# Village S.T.O.P.



## Wild Bill (May 3, 2006)

Anyone else remember a Hamilton band called the Village S.T.O.P.? They were from the late 60's. I still remember being a young teenager when they played my high school. 

They did the whole stage show. Overhead projector showing glycerine blobs stained with food colouring, strobe lights, flowing robes.

I heard them play King Crimson's "21st Century Schizoid Man" for the first time. Bowled me right over!

The lead singer was Fraser Loveman, if I recall. The bass player that night was Ralph Nielson. The others I don't recall.

There were other local bands like Mara Loves, Old Sailor, Vehicle that played an old converted movie theatre in Stoney Creek called the Camel Stop. 

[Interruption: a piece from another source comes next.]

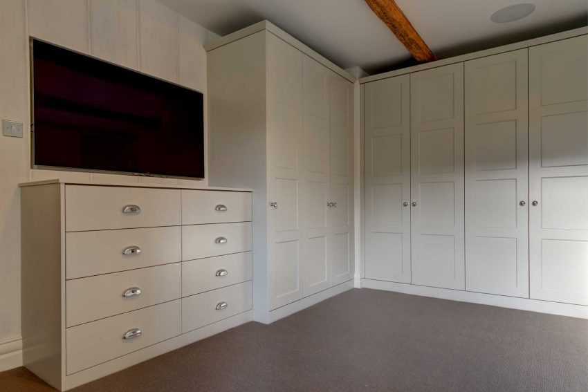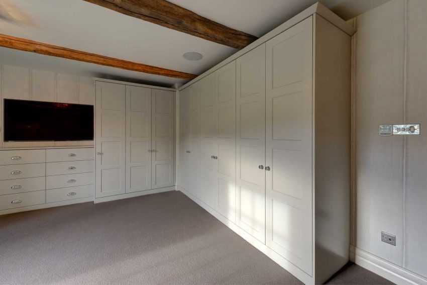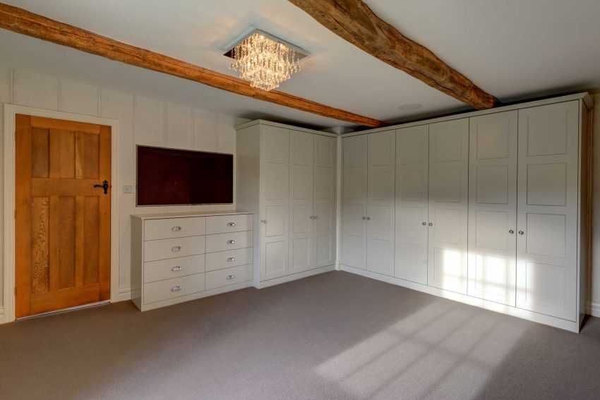 Для спальни нужно предусмотреть двуспальную кровать, а также шкаф, если в квартире нет отдельной гардеробной комнаты

Just wondering if anyone out there can help maintain the nostalgia...:smile:

:food-smiley-004:


----------



## Bluesman (Jul 14, 2009)

*Village STOP*

Hi Wild Bill, my daughter happened across this post, might be too late to answer but here it goes. My name is Paul Marcoux and I was the orginal lead player in the STOP. The group you refer to was the second "Fraser Loveman Group" that formed after the STOP split up in 1970. I was in that group also with Terry Walsh on giutar from a group called "Rain" and the Drummer from "The Kidds". I'm having a brain fart cause his name has escaped me at the moment. Fraser has reunited with the orginal bass player from the "Modbeats" (his first band) and is playing around St Catharines right now. As for the "STOP" I have an old website up that is not complete due to lack of material but here's the link for a chuckle:

http://www.execulink.com/~pmarcoux/

The email address on is no longer valid as I have changed it but keep forgetting to update it on the Website. I thought interest in 60's groups had died down so I haven't bothered too much with the Website lately but you can Google it. Long live the 60's - Paul


----------



## Guest (Jul 14, 2009)

That is so freaking cool that you found Wild Bill's post.


----------



## puckhead (Sep 8, 2008)

holy it's-a-small-world-after-all, batman!
welcome to the forum.

:smilie_flagge17:


----------



## Bluesman (Jul 14, 2009)

*Update on STOP site*

Have now updated my email address on the STOP website. Looking for anyone with old pictures of the group or old posters etc that they can send me,thanks. Also update on Fraser Loveman. Has named his reunited, and expanded band- "Modbeats Black White & Blue"


----------